Genetic analyses were performed in two stages (see below). Single locus chi-squared association tests (genotypic tests, with 2 degrees of freedom) (STATA version 9.0; College Station, TX) were performed on variants previously reported to be associated with tuberculosis susceptibility. MDR analyses were performed both on previously reported variants and on variants in candidate genes. MDR was performed to explore potential single-locus associations and gene-gene interactions between variants[21]. Details of the MDR algorithm and implementation are described in the Additional file 1 and Figure 1.

Figure 1
figure 1

Summary of the general steps to implement the MDR method, adapted from Ritchie and Motsinger 2005 [52]. In step one, the exhaustive list of n combinations are generated from the pool of all independent variables. In step two, for k = 1 to N, the combinations are represented in k-dimensional space, and the number of responders and non-responders are counted in each multifactor cell. In step three, the ratio of responders to non-responders is calculated within each cell. In step four, each multifactor cell in the k-dimensional space is labeled as high-likelihood/high-risk if the ratio of responsive individuals to non-responsive individuals exceeds a threshold and low-likelihood/low-risk if the threshold is not exceeded. In step five the training accuracy is calculated. This is then repeated for each multifactor combination.
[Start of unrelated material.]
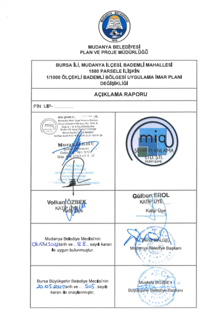Yapılan açıklamada, "Bursa İli, Mudanya İlçesi, Bademli Mahallesi 1580 parsele ilişkin 1/1000 Ölçekli Bademli Bölgesi Uygulama İmar Planı Değişikliği 3194 sayılı İmar Kanunu'nun 8/b maddesine göre Mudanya Belediye Meclisi'nin 08.04.2025 tarih ve 2025 /88 sayılı kararı ile uygun bulunmuş Bursa Büyükşehir Belediyesi Meclisi'nin 20.05.2025 tarih ve 505 sayılı kararı ile onaylanmış olup Mekansal Planlar Yönetmeliği'nin 33. maddesine istinaden 14.07.2025 tarih tarihinden itibaren belediyemiz internet sitesi ile Plan ve Proje Müdürlüğü'nde 1 (bir) ay süre ile askıya çıkarılmıştır." ifadeleri kullanıldı.

In step seven, the model with the best training accuracy is selected and evaluated in the test set. In step eight, the testing accuracy of the model is estimated. In step nine a permutation test is conducted to determine the statistical significance of the model(s). Steps 1 through 6 are repeated for each possible cross-validation interval. Bars represent hypothetical distributions of responders (left) and non-responders (right) with each multifactor combination. Dark-shaded cells represent high-likelihood genotype combinations while light-shaded cells represent low-likelihood genotype combinations.

The first stage of the genetic analysis examined variants reported to be associated with tuberculosis susceptibility in previous studies (Table 2). Because each variant represented a distinct statistical hypothesis (since each was being evaluated for replication), no correction for multiple testing was used.

In the second stage of genetic analysis, a nested candidate-gene study was compiled from the Affymetrix Xba genotyping arrays. Only SNPs in genes hypothesized to play a role in tuberculosis pathogenesis were included (see Table 4).

A Linux version of the MDR software was used for data analysis (compiled and benchmarked on a PC with a 600 MHz Pentium-III running Red Hat 2.2.5-15, written in C and compiled with the GNU C compiler). Presently, MDR software is being distributed in a JAVA version with a graphical user interface http://www.epistasis.org/mdr.html.

For both analysis stages MDR was also performed with genetic factors plus CD4+ lymphocytes and body mass index (BMI). This allowed for exploration of both gene-gene and gene-clinical factor interactions.